Review: Nídia & Valentina – Estradas
A rotary commotion of percussion and hidden intricacies, tucked within minimal rhythms and repetitive melodic licks.
Target your concentration at the centre of Estradas: above the deep kicks and bass surges, but beneath the melodic motifs that skip atop the claps and clicks. The innards of each track are ridiculously rich, populated by interwoven hand drums and stick percussion, hinter-lurking recordings of rustled materials and field-recorded airs of degraded fidelities. There is a fizzy immediacy to this record – Valentina Magaletti and Nídia want you up and dancing, no doubt – and so much of this energy is rooted in this mid-zone of overlapping rhythms and ambiguous textural presences. Somehow, Estradas comes across as a minimal work while also nurturing a quiet complexity, like frayed and patterned patchwork squares within a sheer sheet of block-colour fabric.
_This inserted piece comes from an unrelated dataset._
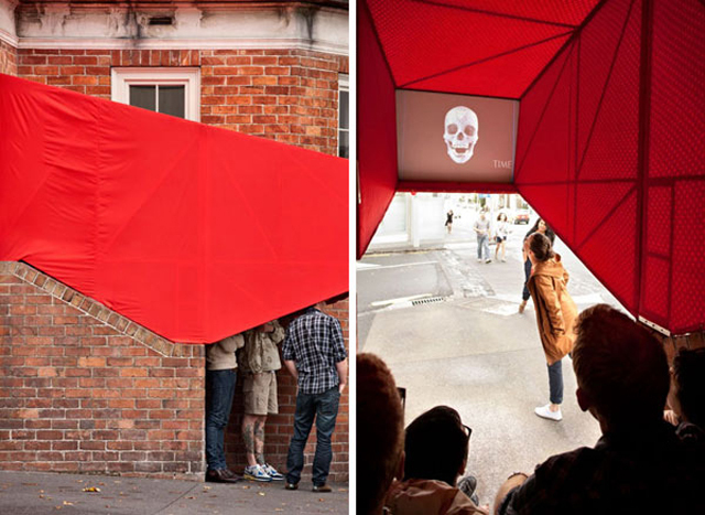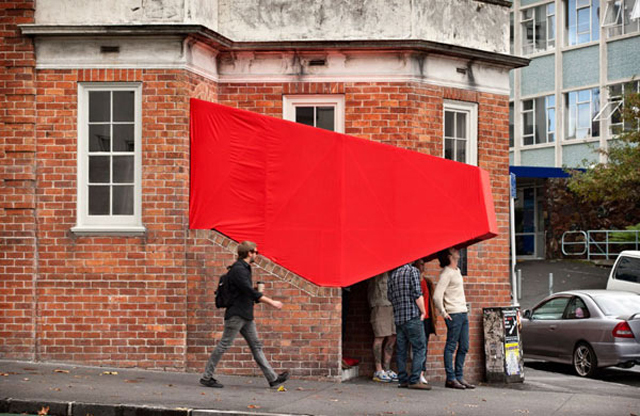 建筑设计团队OH.NO.SUMO在奥克兰的街头设计了一项有趣的公共设备。用一顶醒目的红色顶棚与现有建筑做了个很好的衔接,顶棚里面还可以通过互联网电视观看一些影视短片。这一举动引起了很多市民的关注和围观,这一友好的设计不但可以给候车的路人提供一个歇脚的地方,还能成为三五好友的一个微型聚集地。

To cite some specifics: the abrupt funk of “No Promises” sounds like a full-on party, snare rolls jostling with shakers, claps, hi-hats, rattles, some of which tempo-lag in a wry undermining of the right-angled guitar lick, as if losing the beat amidst the joy of loose-limbed movement. The heart of “Andiamo” has all of the rotary dynamism of a gigantic water mill, with drums folding over themselves and powering the track through a delicious, sub-heavy half-time, while a repetitive swoops of synthesiser flash like sparks flying off the structure. The collaboration was instigated in Sicily and then finished in London; track titles switch between the languages of Italy (where Valentina was born), Portugal (where Nídia was born) and England (where Valentina now resides). Perhaps the inner commotion of Estradas is one of joyous porosity. The record pulls from a sprawl of influences and allows them to slosh together, harnessing its vitality from letting divergent geographies, memories, fidelities and modes of time all share a common space. They all dance different, and they all dance together.